I didn't even know where to start for B after getting stuck on A.

 

[Doc Al]

Yes, you need to take the thrust force into account. The rocket thrust provides the energy to lift the rocket and stretch the spring. Realize that before the rocket is ignited, the spring is compressed due to the rocket's weight.

 

[kayleech]

I'm not exactly sure how I would go about adding that into the energy equation though.

 

[Doc Al]

The thrust exerts a force on the rocket. Figure out the work done by that force.

 

[kayleech]

Yes... but I still don't know where to go from there.

I did v=square root of [((kx^2 - 2mgy + (Fthrustxy))/m]
x=0.2584m
y=0.194m

I don't think that makes sense, seeing as how it was the wrong answer.

 

[D H]

For part B, the rocket is accelerating at a constant rate. A formula exists that relates distance and velocity given a constant acceleration -- what is it? Hint: The rocket travels more than 19.4 cm, as the rocket weight initially makes the spring shorter than its natural length.

Given the nature of the problem, I assume you have investigated the behavior of a mass hanging from a spring. Think of how the solution to this problem pertains to part A.

 

[Doc Al]

I did v=square root of [((kx^2 - 2mgy + (Fthrustxy))/m]
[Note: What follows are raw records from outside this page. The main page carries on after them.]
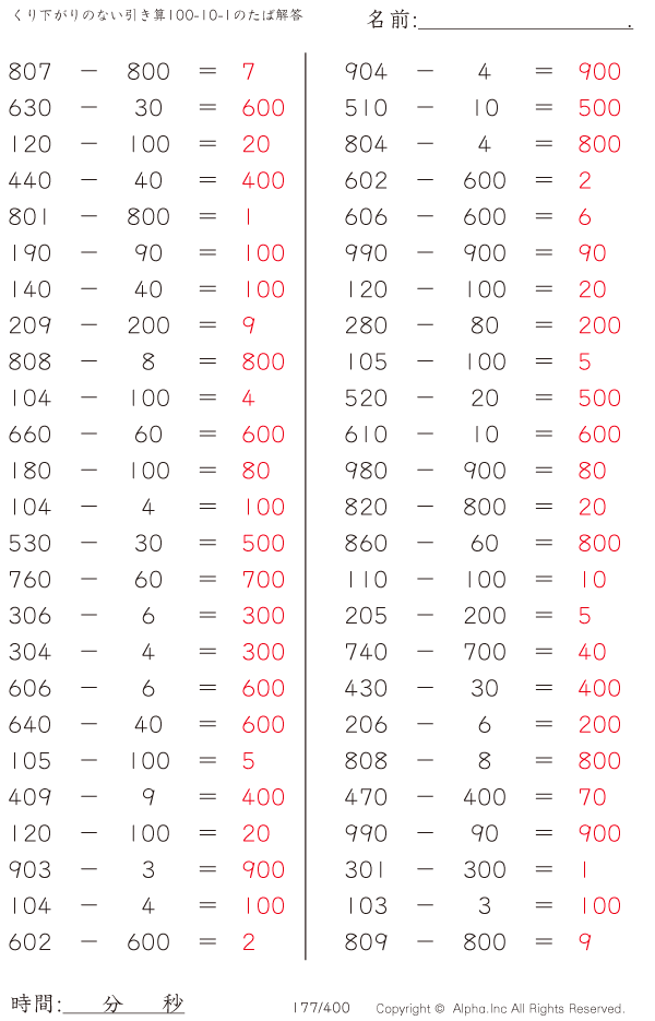 くり下がりのない引き算100-10-1のたば [解答]177/400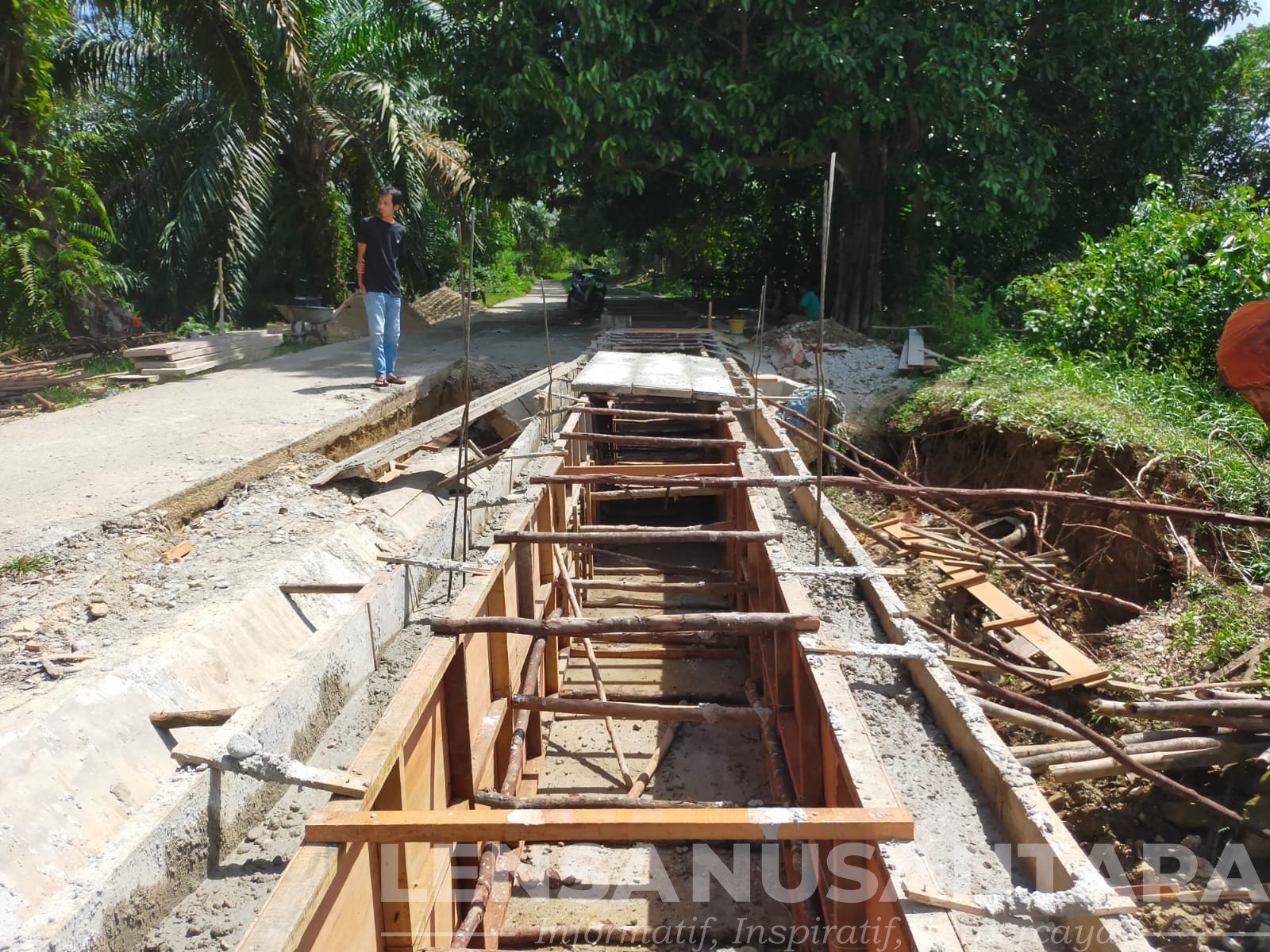 Masih terlihat , selain itu besi sayap (besi U) irigasi yang lama dengan yang baru di bangun terlihat sepertinya diduga tidak disatukan renggang berkisar 15 cm di duga langsung di cor sepertinya lagi dikerjakan asal-asalan. (Dsl)
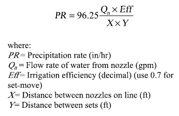 Use this first form to determine the effective application rate of sprinklers spaced at uniform distances from each other. This is particularly applicable to hand-move, or wheel-line, irrigation systems. The pressure is measured at the sprinkler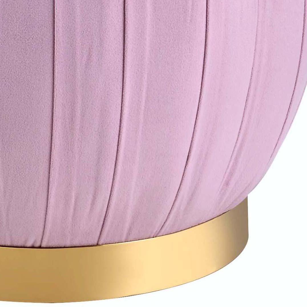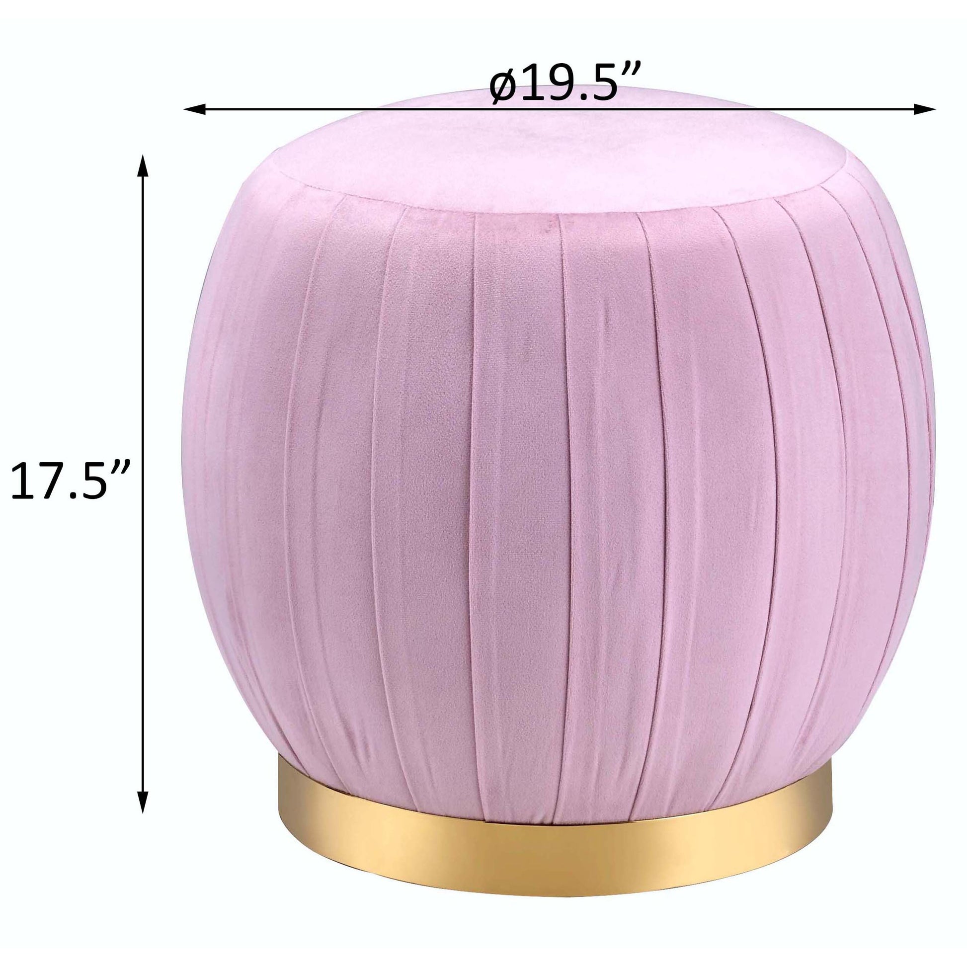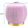 Pink Carnation And Gold Round Tufted Ottoman Pink Velvet Wood Primary Living Space Backless Solid Pink Luxury Round Armless Fabric Metal

Here's how the energy equation should look:
F_{thrust}y + 1/2 k x_1^2 = 1/2 k x_2^2 + mgy + 1/2mv^2

In words that says: The energy added by the rocket engine plus the initial spring energy equals the final energy, which is the sum of spring energy, gravitational energy, and kinetic energy.

x=0.2584m
y=0.194m

Careful here. Those are the initial and final spring stretches:
x_1 = 0.2584m
x_2 = 0.194m

The total distance that the rocket rises, y, is y = x_1 + x_2.

I don't think that makes sense, seeing as how it was the wrong answer.

Give it another shot.

 

[kayleech]

Thanks! That worked.